Sad story of Jerry Quarry’s younger brother, Mike.
quarry-foster

From the LA Daily News, 23 Aug 2006:

Ellen encouraged Mike to go to school so he could seek steady work, but his memory became so poor he couldn’t hold down a job. She can’t remember exactly when Mike was diagnosed with dementia pugilistica, but she said that it was more than 10 years ago.

In 1998, Ellen began taking Mike to UC Irvine, where he was examined yearly by doctors specializing in neurology.

His neuropsychologist, Dr. Malcolm Dick, was responsible for administering tests that would determine the pace the disease was progressing.

“During that time, Michael showed a significant decline in his abilities,” Dick said. “He went essentially from, I would say, a mild dementia to a severe dementia.

“It is sort of not surprising that he had these behavioral problems and was more confused.”

Over the first seven years of testing, Quarry’s condition worsened gradually. Last year, it escalated.

Ellen became faced with the burden of not only caring for a husband with advanced dementia pugilistica, but one whose aggressive behavior began to rise at an alarming rate.

She has threatening handwritten notes she said were signed by her husband. One to Ellen read, “I’m going to get you.” Others were made out to neighbors Mike believed were stealing from the condominium garage.

“He got aggressive on me,” Ellen said.

Ellen, not a big woman, feared for her safety, and for Mike’s. She had him committed to Brighton Gardens in Yorba Linda in a locked dementia unit, but she said he escaped after a month. Then he was put in Sunrise, a home in Seal Beach. He was there 10 months, from March 2005 through last December.

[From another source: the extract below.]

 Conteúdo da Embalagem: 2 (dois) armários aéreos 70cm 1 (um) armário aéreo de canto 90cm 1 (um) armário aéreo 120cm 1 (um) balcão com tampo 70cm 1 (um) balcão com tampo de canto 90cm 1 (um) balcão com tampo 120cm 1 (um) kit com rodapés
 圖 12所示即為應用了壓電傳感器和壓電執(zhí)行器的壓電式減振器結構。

Ellen said she moved Mike to Seasons, where he died, because it was better equipped to deal with patients with severe dementia. Seasons cost her $5,000 monthly.

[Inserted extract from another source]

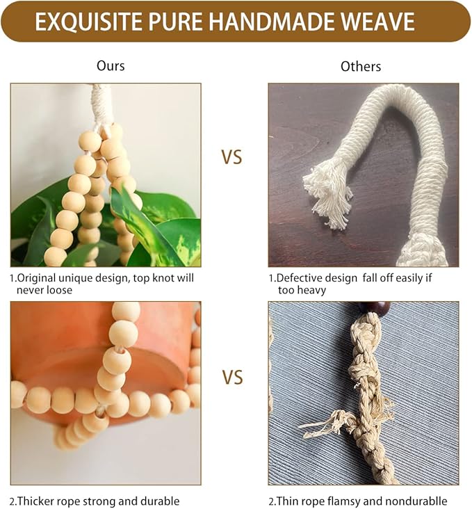 - HANDMADE WEAVING CRAFT - The boho hanging plant holder is made of 100% natural cotton and wood beaded with no tassels. It has a strong flexible woven design, sturdy, durable, washable and eco-friendly

By January, Mike had been on Haldol, an anti-psychotic tranquilizer used to control behavior, for three months. Neurologists at UC Irvine prescribed the drug, Dick said.

But neither Mike Quarry’s sister, Wilma Pearson, nor her husband, Robert, is convinced that Mike had become violent enough to warrant being put on Haldol. Robert Pearson drafted a letter signed by his wife and her two remaining sisters, Janet and Diana, questioning Ellen Quarry as to why Mike had to go on Haldol.

“I don’t know

her motivation; all I know is what was happening,” Robert Pearson said. “She kept telling everybody how violent Mike was, and that was why she had to keep him on this medicine. But he was never violent. His caregiver told us Mike was never violent. And he was fired.”

David Finns, the caregiver, was one of two who helped care for Mike prior to his being placed in a home. Finns, who described Mike as having the mind of an 8-year-old, admitted that Mike did head-butt him once, but playfully.

“I said, `Michael, don’t ever do that again,”’ Finns said. “He said, `I’m sorry, Dave.’ He would get in my face, but he would never, ever hit me. I really loved that man.”

However, Ana Kunz, supervisor of the dementia unit at Seasons, said that nurses sometimes had difficulty with Mike.

“When we would try to clean him up, he would try to punch you like he was boxing,” Kunz said. “He was pretty much aggressive at that point. We would just try to talk to him, tell him to put his hands down because he was a very strong guy.”

Familiar situation

For Wilma and Robert Pearson, seeing Mike on Haldol was all too familiar. In the 1990s, as he too battled dementia pugilistica, Jerry Quarry was living with his brother Jimmy, who later died of cancer. Jimmy had been designated as Jerry’s caregiver, and Jerry was on the drugs Haldol and Thorazine, also a tranquilizer.

“Even when he was inducted into the World Boxing Hall of Fame
, he couldn’t sign (autographs),” Wilma said.

Jerry, according to several reports, was on the dais drooling, and couldn’t make an acceptance speech.

“We … got him off the drugs and he really came out of that,” Wilma said of Jerry, who was honored Aug. 12 by the Golden State Boxing Association.

“Jerry got his speech back.”

Wilma said she couldn’t bear visiting Mike once the effects of the Haldol began to take hold.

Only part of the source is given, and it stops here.